-- INFORMATION follows --

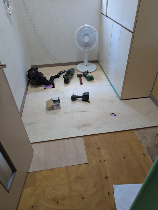 床のブヨブヨした部分を補修したうえで、上から合板を張りましたので、床がしっかりしました。
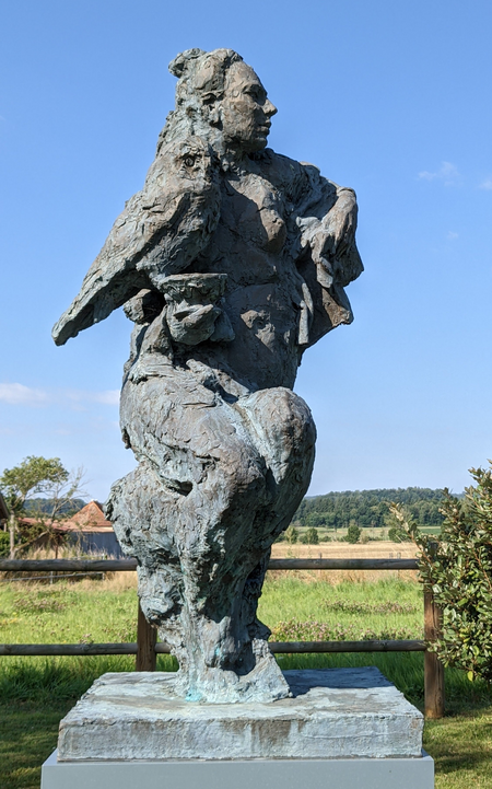Das zweite Denkmal Affinity wurde für alle diejenigen geschaffen, die sich für die Rechte der Tiere einsetzen. Wir sehen eine Frau, die ein Tier auf den Schultern trägt. Sie verkörpert Julie Lasne, eine französische Verhaltensforscherin, die sich weltweit für Tiere einsetzt. Sie wird buchstäblich mit einem Bein im Beton dargestellt, wie ein Don Quijote im Kampf gegen die Windmühlen.
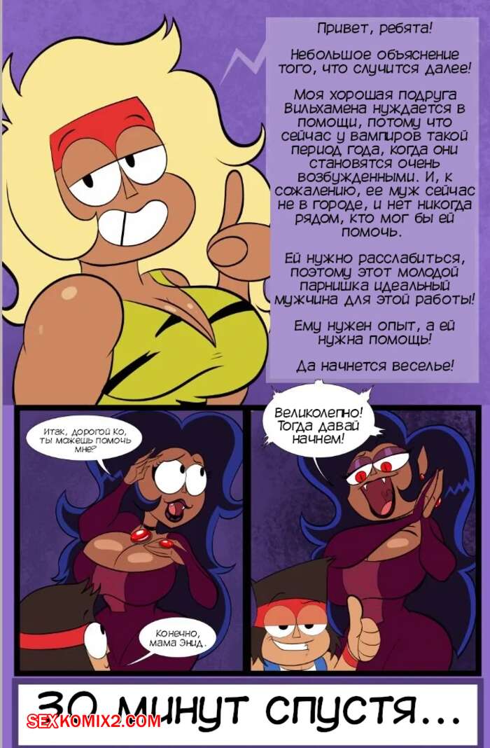 Порно комикс Ночь пира милф. Night of the MILF Pire. Ameizing Lewds Сисястая милфа вампирша была очень возбуждена, поэтому встретилась с молодым парнем, чтобы повеселиться. Красотка стала сосать большой хуй парня, после чего дала ему себя выебать.
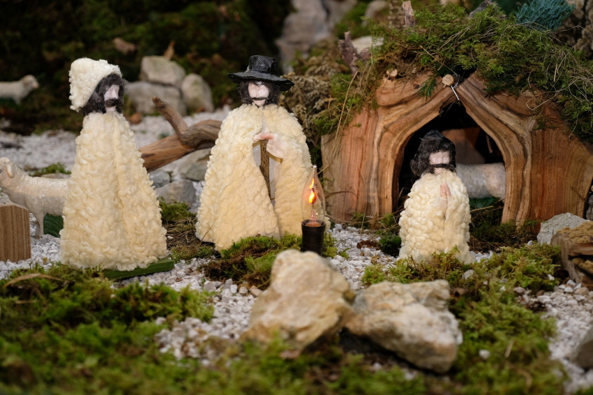 Míg beszélgetünk, fotós kollégám felfedezi, hogy a kis tavacskában egy apró, átlátszó sziget is helyet kapott. Első látásra egy darab jégre emlékeztet. Vajon mire szolgál? A titok rövidesen kiderül: idős férfi érkezik, aki egy kerámiából készült parányi kacsát tart a kezében. A „harci sérülést” szenvedett állatfigurát az imént javította meg, s óvatosságra int minket, mivel a ragasztó még nem száradt meg. Ez a kacsa fog ülni a szigetecskén, sőt, kavicsokkal és hínárra emlékeztető növényekkel is díszítik a tavat – teszi hozzá Gere László. Nyugdíjba vonulása óta minden évben ő vezényli a betlehem építését.
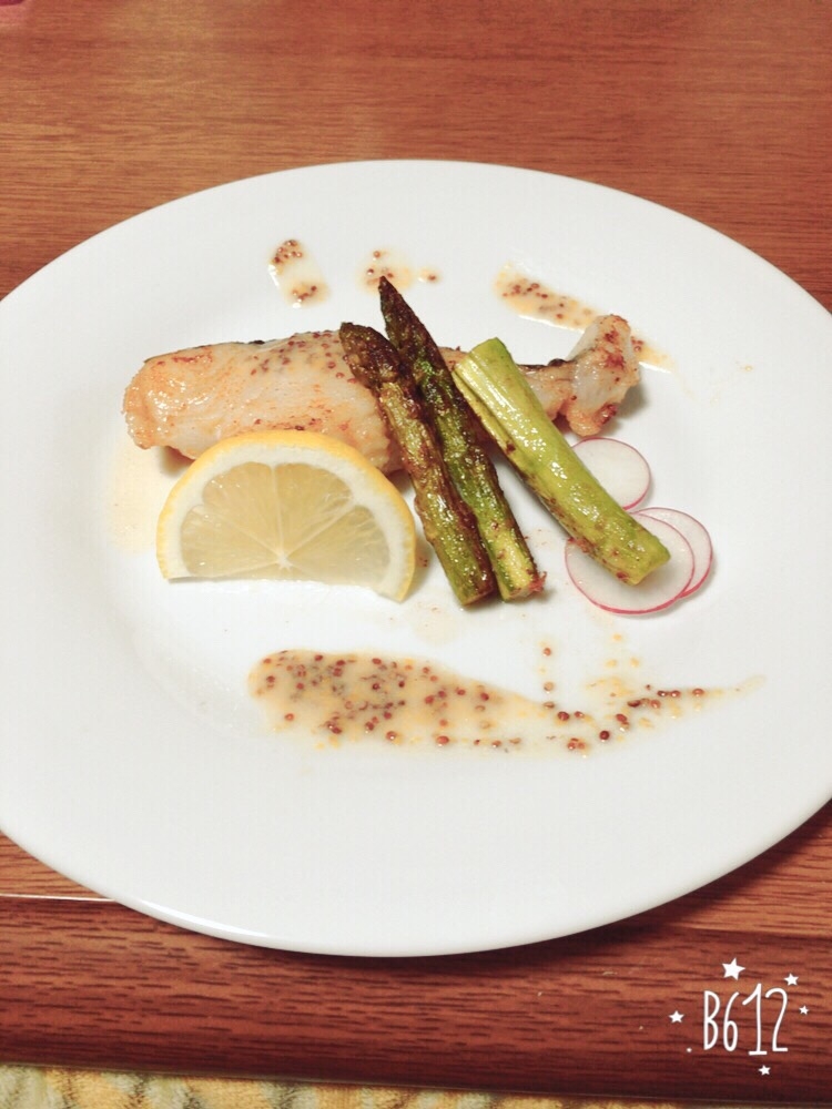 鱈のムニエル 粒マスタードクリームソース 別盛り付けバージョン 食べ物のアイデア 盛り付け 料理
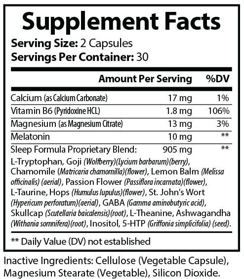 We added calcium, vitamin b to help support the natural production of melatonin. We also added magnesium to help calm and relax the muscles to get closer to a sedentary state. Magnesium has been shown to help individuals who suffer from insomnia improve their insomnia severity index (ISI), sleep efficiency, sleep time and sleep onset latency and early morning awakening.
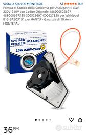Vendo pompa di scarico condensa per asciugatrici 13W 220-240V L’oggetto è nuovo e non e mai stato usato, vedere la foto di riferimento amazon per i modelli e codici compatibili

-- INFORMATION concluded --

### WHAT IS REQUIRED
Leave out the pictures and repeat exactly the lines from the start of the material through the line that contains "We added calcium, vitamin", both included.

### OUTPUT FOR THIS TASK
 床のブヨブヨした部分を補修したうえで、上から合板を張りましたので、床がしっかりしました。
Das zweite Denkmal Affinity wurde für alle diejenigen geschaffen, die sich für die Rechte der Tiere einsetzen. Wir sehen eine Frau, die ein Tier auf den Schultern trägt. Sie verkörpert Julie Lasne, eine französische Verhaltensforscherin, die sich weltweit für Tiere einsetzt. Sie wird buchstäblich mit einem Bein im Beton dargestellt, wie ein Don Quijote im Kampf gegen die Windmühlen.
 Порно комикс Ночь пира милф. Night of the MILF Pire. Ameizing Lewds Сисястая милфа вампирша была очень возбуждена, поэтому встретилась с молодым парнем, чтобы повеселиться. Красотка стала сосать большой хуй парня, после чего дала ему себя выебать.
 Míg beszélgetünk, fotós kollégám felfedezi, hogy a kis tavacskában egy apró, átlátszó sziget is helyet kapott. Első látásra egy darab jégre emlékeztet. Vajon mire szolgál? A titok rövidesen kiderül: idős férfi érkezik, aki egy kerámiából készült parányi kacsát tart a kezében. A „harci sérülést” szenvedett állatfigurát az imént javította meg, s óvatosságra int minket, mivel a ragasztó még nem száradt meg. Ez a kacsa fog ülni a szigetecskén, sőt, kavicsokkal és hínárra emlékeztető növényekkel is díszítik a tavat – teszi hozzá Gere László. Nyugdíjba vonulása óta minden évben ő vezényli a betlehem építését.
 鱈のムニエル 粒マスタードクリームソース 別盛り付けバージョン 食べ物のアイデア 盛り付け 料理
 We added calcium, vitamin b to help support the natural production of melatonin. We also added magnesium to help calm and relax the muscles to get closer to a sedentary state. Magnesium has been shown to help individuals who suffer from insomnia improve their insomnia severity index (ISI), sleep efficiency, sleep time and sleep onset latency and early morning awakening.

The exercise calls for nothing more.